誰もが夢想することは簡単だ、妄想のなかでは、自分こそが全てであるのだから。だが、現実は違う。この世は不条理であり、思い通りにはいかない。
この舞台の……甲子園の舞台の上に立ち、歓声を浴びながら、優勝投手となる。
幼少気に夢見た思いは今、実現に向けて動き始めている。しかし、彼は現在……怯えていた。見事なまでに怯えていた、少し目も潤んでいるようだ。
よりにもよってこの場面で登板するとは夢にも思わなかった。
甲子園に来て、初めて立つマウンドが決勝の、しかも一球で何もかもが終わってしまうところでの交代だ。鋼の心臓を持った人間でも緊張するに違いない。
もし、この局面で緊張しないという人間がいるとするならば、なにも考えていない馬鹿な人間しかいないだろう。
彼も馬鹿なら良かったが如何せん真面目すぎるきらいがある。練習に打ち込みすぎて軽い熱中症で倒れること数十回……これもよく考えてみれば馬鹿の一種なのかもしれない。
しかし、その真面目、もとい馬鹿な姿勢が監督他、チームメイト達に認められ。それに順づるように実力も伸びていき、この夏、最終学年にして初めてベンチ入りメンバーに選ばれた。
練習の成果をこのピンチで出すことができれば彼は間違いなく夢を現実にできただろう。
それほどまでの底力をこの三年間でつけてきたのだ。が、彼は現在――逃げ出したい思いに駆られたていた。
今の現状を見れば分かる。
体は震え、目は潤み、少し吐き気も催している。
絶対絶命のピンチという鬱屈感。
勝機を一切見いだせない敗北感。
……もう帰りたい。
ヒーローにもヒールにもなれる立場で彼は完全に、心を折られてしまった……ポッキリと
しかし、彼は忘れていた。野球とは――チームスポーツであることを。
俯きながらグローブに納めてある白球に目を向ける。そこには今までの死闘を映し出すかのように、球児の汗とグラウンドの土が刷り込まれていた。
俺はここに立つべきじゃなかった……
最早、敗北が断定したと思っている彼に、救いはない。
この日。この夏。この舞台のために。練習に明け暮れた日々が無駄になってしまった……
皆には申し訳ないが、今ボールを投げたとしたならば、確信を持ってワイルドピッチをしてしまうと言い切れる。何故なら……白球を握る手に力が入らないからだ。

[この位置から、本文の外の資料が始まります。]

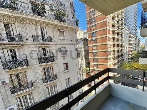 Apartment for rent with 74 m², street-facing, in Retiro. It has a living-dining room with a balcony, two bedrooms with built-in closets, a full bathroom with an exterior window, and a service toilet. The kitchen includes a laundry area and space for a dishwasher; the unit has hot-and-cold air conditioning in all rooms and a balcony with a view of greenery and French-style buildings. The building has a full-time caretaker, night security, and 24-hour closed-circuit cameras; the apartment has a re
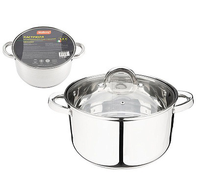 24*13,5 см размер, литраж 5,8 л, нержавеющая сталь, толщина - 0,4 мм, дно 3-слойное капсулированное - нерж сталь + 1 мм алюминия + сталь (толщина дна - 1,7 мм), подходит для индукции, снаружи и внутри - зеркальная полировка, полые ручки из нерж стали, С-тип крышка из жаропрочного стекла с отверстием для выпуска пара. Отметки литража. Упаковка - цветной картонный вкладыш, термоусадка (крышка в перевернутом виде внурь кастрюли).
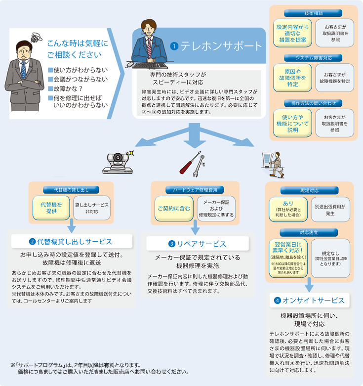 法人のお客様>ビデオ会議システム>サポート・お問い合わせ>サポートプログラムのご案内

彼の惰弱な精神は身体機能にも影響するまでに至っていた。
もう終わりだ……早く楽になりたい。
顔を俯かせたまま、この場所から一刻も早く立ち去りたいがために。彼は投球することを決めた。
チームメイト全員に心の中で謝り、いざ顔を上げようとした直後、バシッ! という打撃音と共に強烈な衝撃と痛みが頭部にはしる。

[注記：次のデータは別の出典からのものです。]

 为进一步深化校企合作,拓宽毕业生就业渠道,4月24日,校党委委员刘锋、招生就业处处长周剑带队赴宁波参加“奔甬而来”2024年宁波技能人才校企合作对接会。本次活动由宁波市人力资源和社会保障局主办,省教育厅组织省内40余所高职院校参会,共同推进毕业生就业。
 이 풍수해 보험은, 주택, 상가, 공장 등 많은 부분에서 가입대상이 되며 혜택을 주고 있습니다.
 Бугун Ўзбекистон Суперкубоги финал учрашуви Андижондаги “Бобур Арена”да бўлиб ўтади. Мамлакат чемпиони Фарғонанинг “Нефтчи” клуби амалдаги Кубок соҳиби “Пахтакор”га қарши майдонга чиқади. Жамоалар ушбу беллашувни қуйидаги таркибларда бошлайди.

驚き反射的にばっと顔を上げると、キャプテンで捕手を務める男が目の前にいた。
いや、捕手だけではない。内野陣全員が、マウンドを中心に円陣を組んでいた。
そして皆が皆、声をかけてくる。
ファーストを務めるフルスインガーのあだ名を持つ彼は、いつも通りおっとりとした声で「落ち着いていこう」と緊張和らぐ声音で励ましドテドテと自分の守備位置へ戻って行った。
セカンドを務める守備職人のあだ名を持つ彼は、ニコニコと白い歯を見せながら「俺のところに飛んでくればどんな球でも取ってやるから」と言って最後に二カッとこの状況を楽しむかのように百万ドルスマイルを浮かべ、全力で自分の守備位置へ駆けて行った。

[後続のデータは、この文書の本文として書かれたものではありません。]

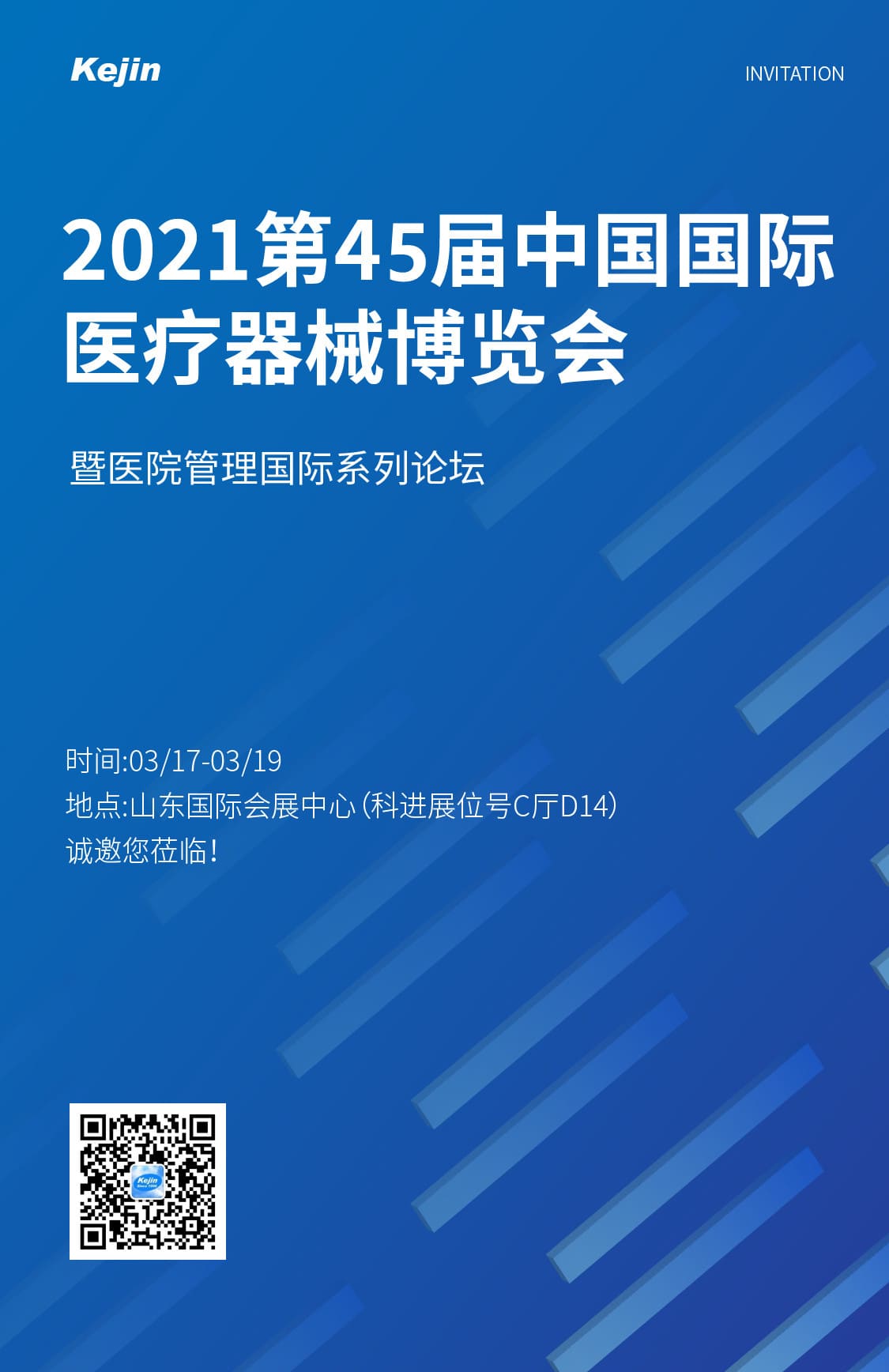 我們誠摯邀請您參加于2021年3月17-19日山東國際會展中心舉辦的2021第45屆中國國際醫(yī)療器械(山東)博覽會。南京科進(jìn)展位號:C廳D14
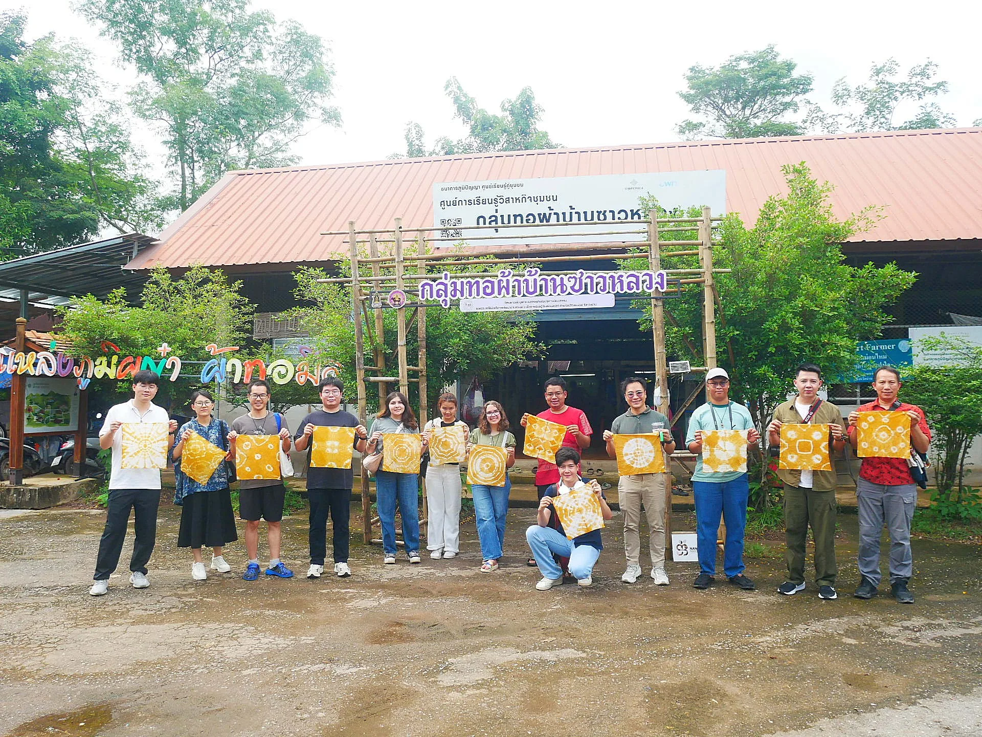 เดินทางสู่ บ้านซาวหลวง โดย นายกฏกก แปงใจ เรียนรู้ภูมิปัญญาการทอผ้าฝ้ายแบบดั้งเดิม พร้อมทั้งร่วมกิจกรรมเรียนรู้การมัดย้อมผ้าฝ้ายด้วยสีธรรมชาติ (ย้อมเย็น) เรียนรู้การย้อมผ้าสีเหลืองขมิ้น
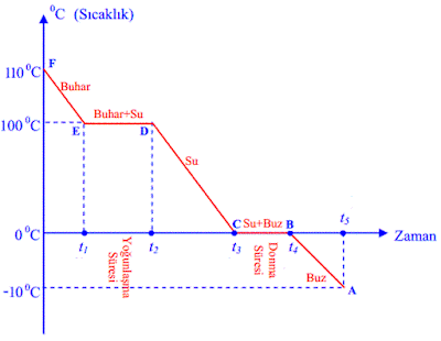 2. D-E noktaları arasında su ve buhar karışımıdır. Kaybedilen ısı buharın yoğuşmasına neden olur. Sıcaklık sabittir.
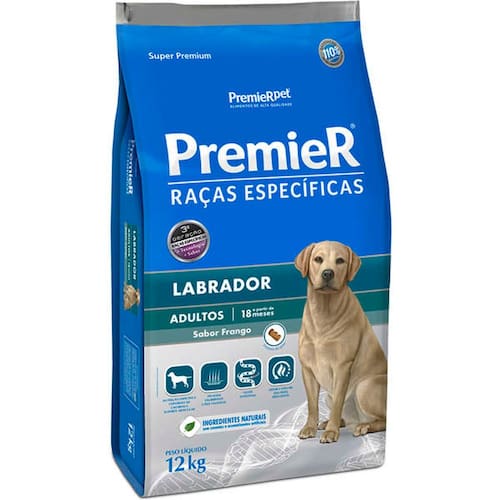 Ração Premier Raças Labrador Adulto - 12kg- Saúde intestinal: através da combinação de ingredientes de alta digestibilidade, fibras especiais e prebióticos; - Pelagem exuberante e pele saudável: rico em proteínas de alta qualidade, equilíbrio ideal de ácidos graxos essenciais - ômegas 3 e 6; - Nutrição específica: controle do peso pela redução de calorias e L-carnitina, e suporte articular pela associação exclusiva de B-Glucano purificado, EPA, DHA, condroitina e glicosamina.

ショートを務めるトリプルスリーのあだ名を持つ彼は、クールに「お前ならやれる」と確信を持った声で告げる。その後帽子をかぶり直し、クールに守備位置へ戻った。
サードを務める広角打法のあだ名を持つ彼は、何も言わず、ただ目を合わせ瞳に思いを乗せるように見つめてくる。そして幾分か経ち満足したのか「うん」と一言頷いて、自分の守備位置へ戻った。
そして内野だけでなく。
外野のレフトを務める、暴走男。
センターを務める、ハンガー。
ライトを務めるライパチ。
それぞれ三人もこちらに目を向け頷いている。後ろは任せろ、と。
最後に残ったキャッチャーを務めるお袋のあだ名を持つ彼は、一言「ど真ん中に、来い!」と信頼の籠った声を発すると、2度ポンポンとピッチャーの肩を叩き決する舞台を整えるため要の守備についた。
……ああ、本当に俺は
……本当に俺は……大馬鹿者だ。
野球は一人でやるもんじゃない。9人が揃って初めて試合に挑めるのだ。
彼は思う。お山の大将もいいところだ、と。
この試合を任されたとき、自分のことだけしか考えず、周りが見えていなかった。
どれだけ良いピッチャーでも一人では何にもできない。
一人は皆のために、皆は一人のために。
守備について守ってくれている人がいるからこそ、ピッチャーはその力を存分に出せるのだ。
……体が震える。しかし、この震えは怯えてではない。今初めて甲子園で……夢に見た舞台で、投げる喜びが訪れたのだ。そう、この震えは歓喜の震え。
白球を握る手にも、力が宿ってくる。
この力は、継投で託された思いであり、優勝を目の前にした喜びであり、今まで戦い敗れていったライバルたちの願いである。その思いが今自分の力となり白球を握る手に力を与えている。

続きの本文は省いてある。